2023年10月期のドラマ「いちばんすきな花」が本当に好きだった。嫌いなところが見当たらないくらい、好きだった。

最終話で印象的だったのが“むらさきちゃん”こと村山咲の登場シーン。結婚後の姓にまつわる会話で「旦那にこっちの名字になってもらったの。女が名字変えなきゃいけないとか納得いかなくて」との台詞があった。
はじめから理解ある相手だったわけではなく、パートナー間で真剣な話し合いが行われ「勝ち取った」結果だということ。そういう描き方は、今の日本社会に生きる、本当は結婚しても元の姓のままでいたかった私には響きまくった。

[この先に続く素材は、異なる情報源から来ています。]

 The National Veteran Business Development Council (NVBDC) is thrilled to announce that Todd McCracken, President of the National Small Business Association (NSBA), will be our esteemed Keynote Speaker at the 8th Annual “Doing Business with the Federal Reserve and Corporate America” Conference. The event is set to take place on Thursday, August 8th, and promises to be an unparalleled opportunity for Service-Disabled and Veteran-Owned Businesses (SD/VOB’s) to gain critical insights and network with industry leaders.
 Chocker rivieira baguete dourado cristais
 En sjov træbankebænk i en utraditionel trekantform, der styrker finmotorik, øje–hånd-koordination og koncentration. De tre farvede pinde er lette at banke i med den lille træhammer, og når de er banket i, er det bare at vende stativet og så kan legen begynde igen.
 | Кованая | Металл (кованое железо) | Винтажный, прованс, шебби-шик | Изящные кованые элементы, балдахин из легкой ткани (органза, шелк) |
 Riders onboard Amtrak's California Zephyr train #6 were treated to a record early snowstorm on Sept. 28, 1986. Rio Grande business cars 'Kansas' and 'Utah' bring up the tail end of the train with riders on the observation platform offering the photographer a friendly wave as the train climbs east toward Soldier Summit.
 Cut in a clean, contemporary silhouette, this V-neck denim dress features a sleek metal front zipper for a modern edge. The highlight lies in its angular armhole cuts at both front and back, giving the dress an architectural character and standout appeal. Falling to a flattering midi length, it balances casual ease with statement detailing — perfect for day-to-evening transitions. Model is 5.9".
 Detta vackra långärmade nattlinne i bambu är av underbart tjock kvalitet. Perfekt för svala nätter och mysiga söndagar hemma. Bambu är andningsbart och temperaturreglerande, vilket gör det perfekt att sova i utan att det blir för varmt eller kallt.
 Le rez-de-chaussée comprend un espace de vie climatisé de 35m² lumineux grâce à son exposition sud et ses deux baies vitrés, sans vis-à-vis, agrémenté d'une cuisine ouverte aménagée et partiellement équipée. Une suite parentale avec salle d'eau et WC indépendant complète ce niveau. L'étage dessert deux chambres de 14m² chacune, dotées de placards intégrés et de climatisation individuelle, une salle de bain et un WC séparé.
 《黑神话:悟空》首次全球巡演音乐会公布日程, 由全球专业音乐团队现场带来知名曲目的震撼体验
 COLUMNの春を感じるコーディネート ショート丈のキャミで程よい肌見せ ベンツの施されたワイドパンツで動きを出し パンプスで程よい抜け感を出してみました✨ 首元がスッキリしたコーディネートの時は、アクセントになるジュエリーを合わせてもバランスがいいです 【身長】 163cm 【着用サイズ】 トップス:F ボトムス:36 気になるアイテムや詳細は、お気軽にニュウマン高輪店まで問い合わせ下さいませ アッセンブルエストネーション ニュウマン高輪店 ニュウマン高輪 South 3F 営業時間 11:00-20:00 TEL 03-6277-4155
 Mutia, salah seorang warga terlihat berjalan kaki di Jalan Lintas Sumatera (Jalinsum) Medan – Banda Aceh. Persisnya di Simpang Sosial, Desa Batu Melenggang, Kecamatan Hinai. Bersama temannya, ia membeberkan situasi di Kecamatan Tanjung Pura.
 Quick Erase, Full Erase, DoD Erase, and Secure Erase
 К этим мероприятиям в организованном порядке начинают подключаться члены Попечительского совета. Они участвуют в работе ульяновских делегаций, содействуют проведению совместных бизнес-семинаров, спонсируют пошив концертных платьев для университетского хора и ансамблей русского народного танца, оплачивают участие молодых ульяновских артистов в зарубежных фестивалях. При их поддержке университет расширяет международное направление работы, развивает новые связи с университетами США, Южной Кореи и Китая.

私が結婚にむけての話し合いの当事者だったのは2018年。自分のほうが名字を変えることになるだろうなと諦めてはいたものの、だまって変えるつもりはなかった。
日本でも選択的夫婦別姓が実現してほしいという意見をつねづね口にしていたこともあってか、「夫の姓と妻の姓、どちらを選ぶ?」と問いかけてみても、パートナーが頭ごなしに何かを主張してくることはなかった。
彼の意見は、社会の現状を鑑みると夫の姓にしておいたほうが無難だろうとのことだった。理解はできるけど、納得できたわけじゃない。

相手の姓になるのが嫌とかじゃなくて、手続き上の煩雑さや不利益を被るのが嫌とかじゃなくて(嫌ではあるけど)、これまでを生きてきた「わたしの」姓のままでいたいと思うことは何もおかしくないと思う。

ある時「私自身は選択的夫婦別姓が導入されても姓を元に戻すことはないと思います」と書き出されたツイートが目に止まった。
「私の本当の名前は三十年以上前からダムの底に沈んだままです」。
私も夫の姓に変えたとき「私の新しい名前」とは思えず「私の本当の名前」が自分から剥がれ落ちてしまった気がしたものだ。
戻れるものなら戻りたい。けれど、いざそうなったらやれるだろうか? 子どもがいなければ話はシンプルだがそうではない。その時が来てみなければわからない。

2024年2月現在、経団連が政府に選択的夫婦別姓の導入を求めている。人権的観点ではなくビジネス的観点なので、そこには別の問題があるけれど、実現にむけて前進するのならばまずは歓迎したい。